Once you know the back-story to the Crows song "Anna Begins" from the same album - American boy meets Australian girl on long holiday in Europe, and they fall completely in love despite both having to return home come summer's end - it's very hard not to see "Raining in Baltimore" as a sequel to that song. The desire for travel to be back with his love is obvious. Duritz needs his sunburn. He needs his plane ride. But it's more complicated than that. Australia is about 10 000 miles from the States, not 3 500. Duritz isn't thinking of the girl across the Pacific right now, but the one that was once across the Atlantic. He misses a time as much as a place.

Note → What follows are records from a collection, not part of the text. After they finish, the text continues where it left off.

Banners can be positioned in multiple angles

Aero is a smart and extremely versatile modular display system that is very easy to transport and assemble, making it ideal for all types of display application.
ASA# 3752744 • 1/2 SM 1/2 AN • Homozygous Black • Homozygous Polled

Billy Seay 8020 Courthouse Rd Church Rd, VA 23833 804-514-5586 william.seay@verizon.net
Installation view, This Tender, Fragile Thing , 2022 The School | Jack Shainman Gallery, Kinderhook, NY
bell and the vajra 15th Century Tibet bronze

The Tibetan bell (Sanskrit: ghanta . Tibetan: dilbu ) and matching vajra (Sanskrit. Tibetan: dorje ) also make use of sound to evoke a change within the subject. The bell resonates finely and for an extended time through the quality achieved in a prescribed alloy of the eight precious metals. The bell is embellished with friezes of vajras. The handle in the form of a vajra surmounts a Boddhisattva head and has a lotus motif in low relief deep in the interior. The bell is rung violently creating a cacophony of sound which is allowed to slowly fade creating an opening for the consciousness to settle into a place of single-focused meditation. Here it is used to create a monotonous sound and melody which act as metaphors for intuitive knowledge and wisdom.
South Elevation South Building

Sure, he says he needs a phone-call, to connect to her in the present, but their conversations don't go anywhere these days. It's the same territory over and over again; nothing to talk about but how the weather is getting worse. If he can't get a sunburn, he'll settle for a raincoat. Something that will let him function in the present. Because yes, the past just isn't working any more, but right now isn't going any better. And so here he sits, watching his memories fade, with nothing and no-one around to replace them.

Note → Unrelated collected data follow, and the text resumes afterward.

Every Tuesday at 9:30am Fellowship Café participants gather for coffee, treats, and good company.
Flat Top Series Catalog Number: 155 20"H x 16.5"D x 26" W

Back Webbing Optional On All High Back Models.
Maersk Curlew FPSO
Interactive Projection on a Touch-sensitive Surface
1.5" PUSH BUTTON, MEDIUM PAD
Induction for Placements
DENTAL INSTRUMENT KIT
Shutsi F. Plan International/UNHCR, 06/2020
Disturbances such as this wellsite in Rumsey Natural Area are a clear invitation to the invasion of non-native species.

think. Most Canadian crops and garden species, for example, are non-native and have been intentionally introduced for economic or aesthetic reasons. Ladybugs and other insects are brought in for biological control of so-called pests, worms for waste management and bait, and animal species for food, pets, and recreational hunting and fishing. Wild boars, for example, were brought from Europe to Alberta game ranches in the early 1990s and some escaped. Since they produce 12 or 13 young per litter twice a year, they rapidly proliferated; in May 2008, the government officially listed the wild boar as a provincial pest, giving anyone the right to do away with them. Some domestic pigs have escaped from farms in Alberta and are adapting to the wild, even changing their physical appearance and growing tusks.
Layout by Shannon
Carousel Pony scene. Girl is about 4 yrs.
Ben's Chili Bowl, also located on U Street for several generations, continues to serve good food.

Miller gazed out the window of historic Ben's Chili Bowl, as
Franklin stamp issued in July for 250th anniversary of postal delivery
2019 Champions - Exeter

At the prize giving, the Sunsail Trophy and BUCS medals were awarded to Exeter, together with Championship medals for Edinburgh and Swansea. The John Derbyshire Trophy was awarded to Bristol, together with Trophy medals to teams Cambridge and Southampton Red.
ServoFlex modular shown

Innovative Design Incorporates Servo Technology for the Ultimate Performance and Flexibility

I ran into this song - absolutely cannoned into it, really - at exactly the right time, which is to say: exactly the wrong time. It was exam term of my first year in university, and I was having a hard time dealing with the separation from my girlfriend back home, who was studying for her A-levels. Six weeks passed without us seeing each other whilst we trudged through our respective revision calendars. Neither of us had a reliable mobile. I'd phone her house from a payphone in the middle of a hallway, my mind addled by hours of equations and theorems, and hope her parents would tell me she was in. Sure, it wasn't 3,500 miles, just 40 or so. But when you have no car, and she has no car, and you both have exams, and you're both young as hell, that feels fucking far enough.

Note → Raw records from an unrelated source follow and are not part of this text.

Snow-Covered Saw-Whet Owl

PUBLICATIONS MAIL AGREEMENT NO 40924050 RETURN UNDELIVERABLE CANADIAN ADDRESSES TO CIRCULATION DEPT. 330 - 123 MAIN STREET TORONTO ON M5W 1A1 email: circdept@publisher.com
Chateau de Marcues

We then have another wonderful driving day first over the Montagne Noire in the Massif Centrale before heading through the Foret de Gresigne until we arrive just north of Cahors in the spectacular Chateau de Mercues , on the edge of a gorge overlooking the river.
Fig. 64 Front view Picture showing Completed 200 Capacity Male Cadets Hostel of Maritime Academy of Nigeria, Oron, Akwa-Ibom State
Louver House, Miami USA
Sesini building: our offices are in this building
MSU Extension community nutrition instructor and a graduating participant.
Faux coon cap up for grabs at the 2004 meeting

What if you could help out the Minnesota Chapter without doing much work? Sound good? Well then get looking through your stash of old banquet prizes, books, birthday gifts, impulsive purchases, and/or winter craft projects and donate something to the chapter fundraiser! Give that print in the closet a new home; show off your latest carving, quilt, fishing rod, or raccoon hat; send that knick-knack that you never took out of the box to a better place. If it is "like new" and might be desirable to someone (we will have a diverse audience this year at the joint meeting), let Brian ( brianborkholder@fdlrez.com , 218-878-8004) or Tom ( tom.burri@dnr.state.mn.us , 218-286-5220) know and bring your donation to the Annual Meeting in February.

Looking back though, just like Duritz, things were already starting to shut down. Eight months of me being in my new home more often than my old one had taken its toll. The relationship was bleeding to death. Slowly, a few drops of blood at a time, but it was still dying. The following summer was all awkward silences and pointless sniping while we tried to figure out why what used to work didn't anymore. The break-up arrived about a month after her results did. I know now I wasn't missing her so much as I was missing the functioning relationship we'd had before I'd had to leave. Which didn't make breaking up hurt any less, obviously.
It was another Counting Crows that got me back on my feet after that, actually. But I'll tell that story some other day. The sun came out eventually, it almost always does. Sometimes, though, I still want to listen to the rain.